Task description. Print the listing below again, exactly. Skip the pictures.

Dataset section.

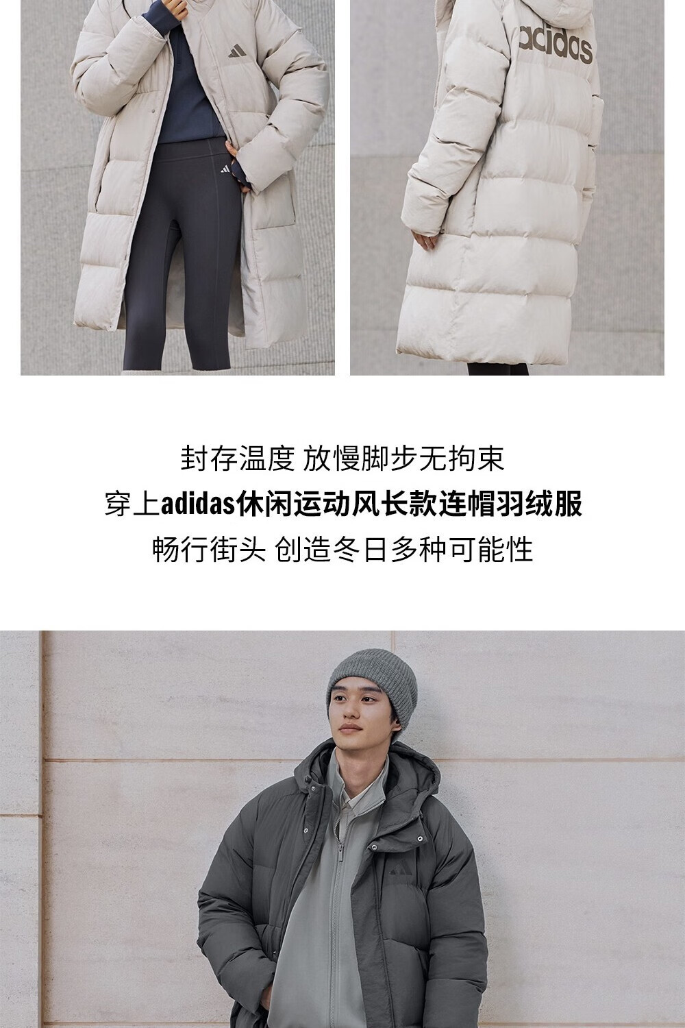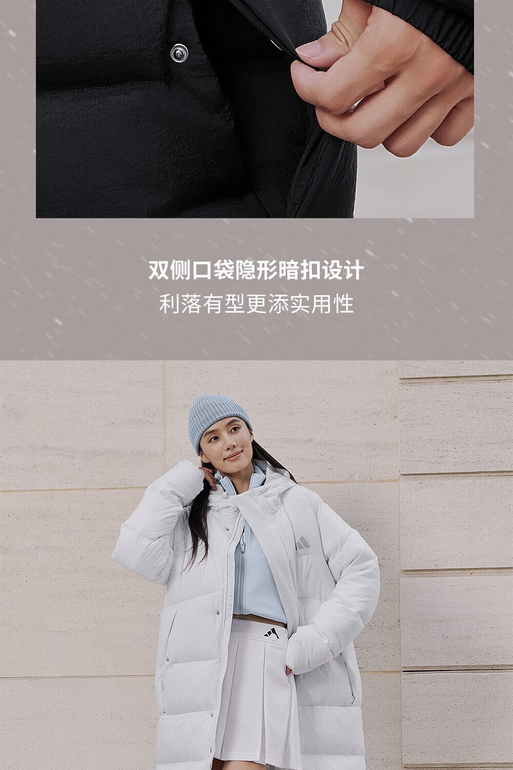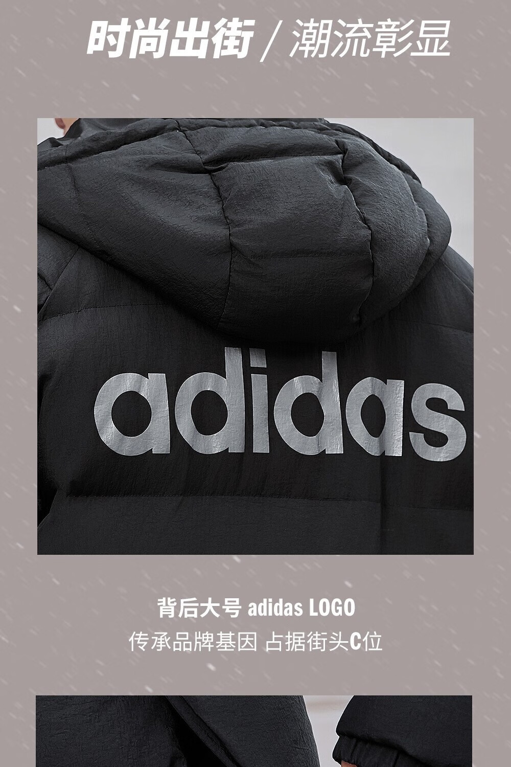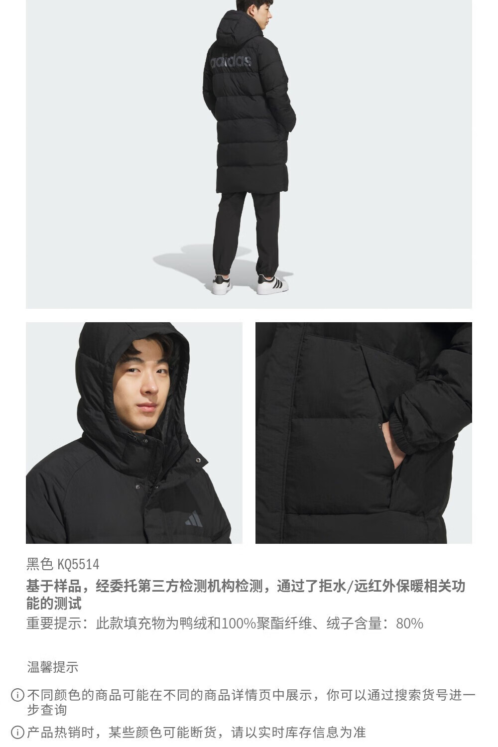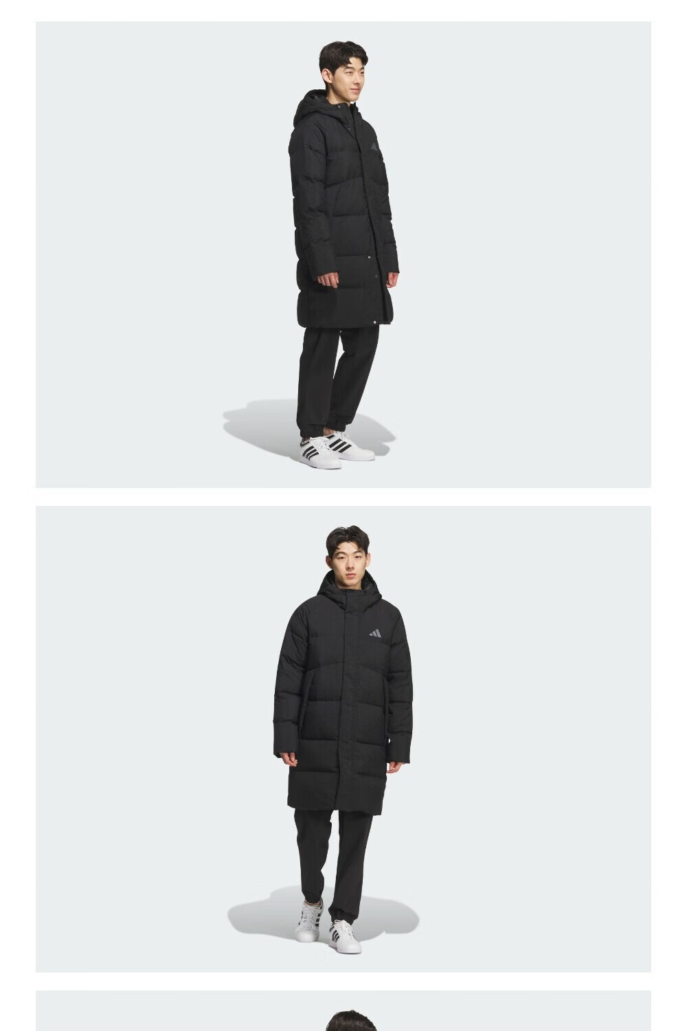 adidas 拒水暖「芯」科技长款保暖鸭绒连帽羽绒服男女阿迪达斯 黑色 M
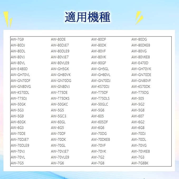 対応機種:AW-7G9 AW-80DE AW-80DF AW-80DG AW-80DJ AW-80DJE7 AW-80DK AW-80DKE8 AW-80DL AW-80DLE9 AW-80VF AW-80VG AW-80VJ AW-80VJE7 AW-80VK AW-80VKE8 AW-80VL AW-80VLE9 AW-90GF AW-E470D AW-E480D AW-GH5GK AW-GH5GL AW-GH70VK AW-GH70VL AW-GH80VK AW-GH80VL AW-GN70DE AW-GN70DF AW-GN70DG AW-GN70DJ AW-GN80VF AW-GN80VG AW-GN80VJ AW-KS70DJ AW-KS70DK AW-KS70DL AW-T75DE AW-T75DF AW-T75DG AW-T75DJ AW-T75DKS AW-T75DLS
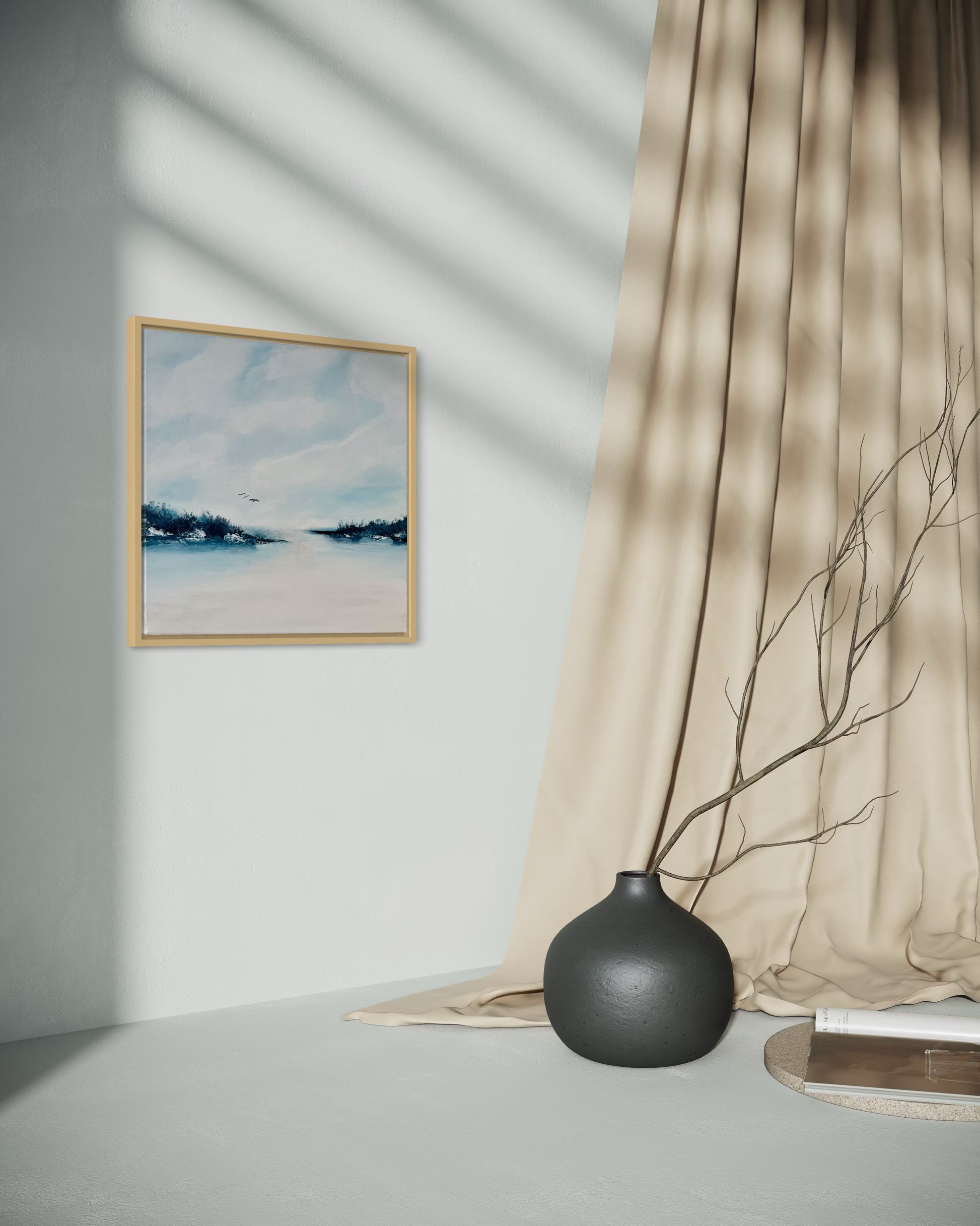Een schilderij dat de lichtheid van het moment vastlegt: " Breeze " geeft elke kamer een zachte, onopvallende elegantie.

Exercise solution.
 adidas 拒水暖「芯」科技长款保暖鸭绒连帽羽绒服男女阿迪达斯 黑色 M
 対応機種:AW-7G9 AW-80DE AW-80DF AW-80DG AW-80DJ AW-80DJE7 AW-80DK AW-80DKE8 AW-80DL AW-80DLE9 AW-80VF AW-80VG AW-80VJ AW-80VJE7 AW-80VK AW-80VKE8 AW-80VL AW-80VLE9 AW-90GF AW-E470D AW-E480D AW-GH5GK AW-GH5GL AW-GH70VK AW-GH70VL AW-GH80VK AW-GH80VL AW-GN70DE AW-GN70DF AW-GN70DG AW-GN70DJ AW-GN80VF AW-GN80VG AW-GN80VJ AW-KS70DJ AW-KS70DK AW-KS70DL AW-T75DE AW-T75DF AW-T75DG AW-T75DJ AW-T75DKS AW-T75DLS
Een schilderij dat de lichtheid van het moment vastlegt: " Breeze " geeft elke kamer een zachte, onopvallende elegantie.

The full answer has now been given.